Schärfer gesagt: Der Sparer hemmt Arbeit und Einkommen anderer und damit der ganzen Volkswirtschaft, der Schuldner fördert durch in Verkehr bringen des Spargeldes die Volkswirtschaft wieder, sodaß er das Sparen dem Sparer ermöglicht, ohne daß der Sparer eigentlich zum Verbrecher an der Volkswirtschaft wird. Dafür muß der Schuldner Zinsen bezahlen, er wird gewissermaßen für die Wirtschaftsförderung mit der Zinsenstrafe belegt. Aus diesem Grunde sind Zinsen volkswirtschaftlich ein Unrecht.
Die Sparhemmung der Volkswirtschaft wird durch den Zins-Anreiz zur Kreditgabe gemindert! Das Zinsproblem ist daher nur ein Teil des Sparproblems!

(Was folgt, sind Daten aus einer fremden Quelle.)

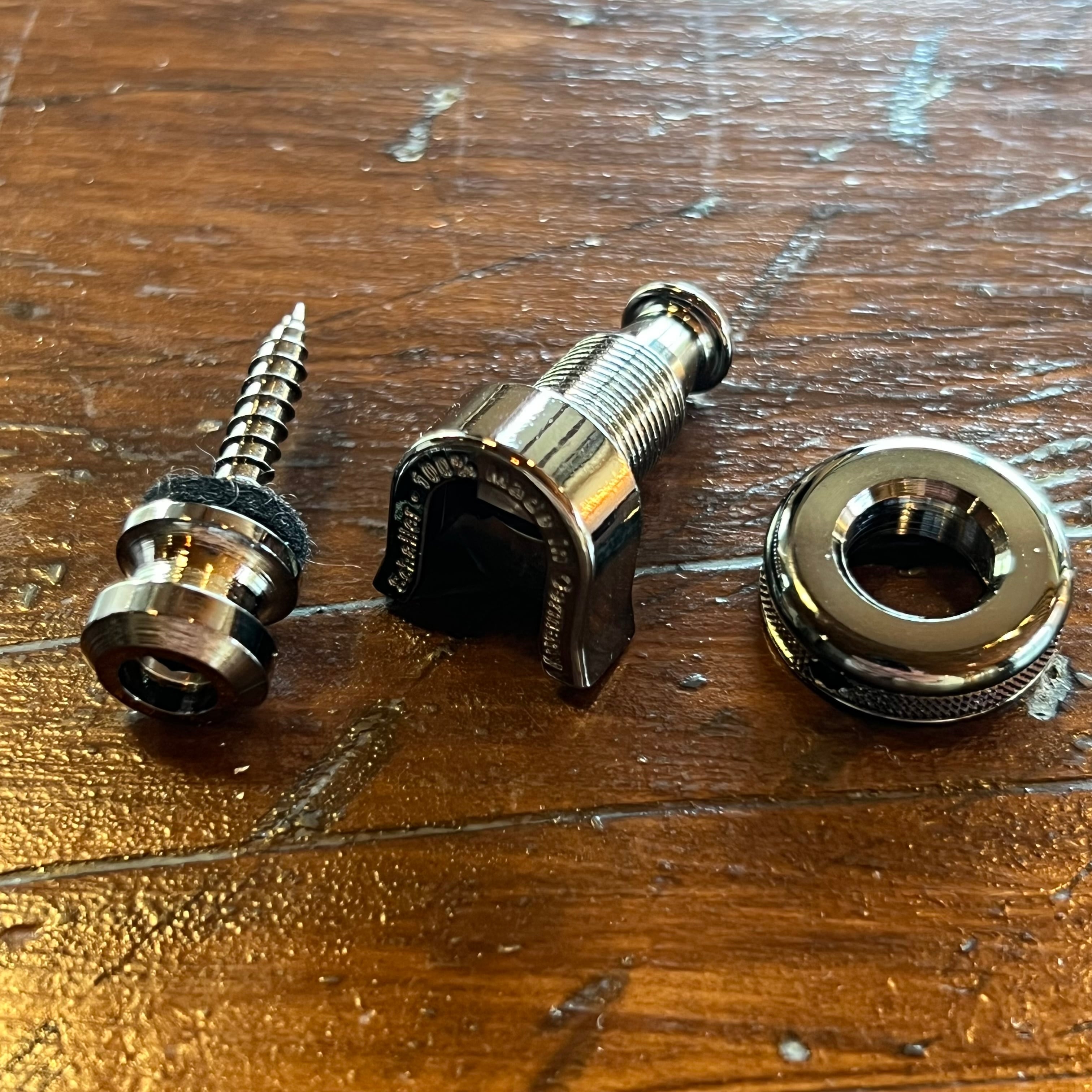 ・ 新しく、ユニークな1ピースストラップボタン。硬化スチール製のセルフタッピングねじです。3mm径のレンチを使ってギターに取り付けます。

Anderseits ist der zeitweilige Verzicht auf die Verfügung des Sparens über sein Guthaben beim Schuldner eine Gegenleistung wert. Dieser Zinsgrund entsteht also für unmittelbare Verleihung des Spargutes an einen Schuldner. Die jederzeitige Verfügung des Sparers wird aber beim Kreditinstitut im Durchschnittsausgleich gewahrt. Es erscheint daher, daß mit dem Fortschritt des Kreditausgleiches vom unmittelbaren Verleihen zur Kreditanstalt und von dieser zur Volkswirtschaft eine immer größere Hinfälligkeit der Zinsberechtigung bis zum völligen Schwund entsteht. Der Staat als Hüter und Treuhänder der Volkswirtschaft kann daher allein das Zinsproblem, jedoch nur mit dem Sparproblem lösen. In der Volkswirtschaft verschwindet auch das Kapitalrisiko, da im Kreise der Volkswirtschaft die Summe aller Preise restlos Verdienste werden. Es blieben vom Zins nur mehr die notwendigen Kapitalhandlungskosten berechtigt über.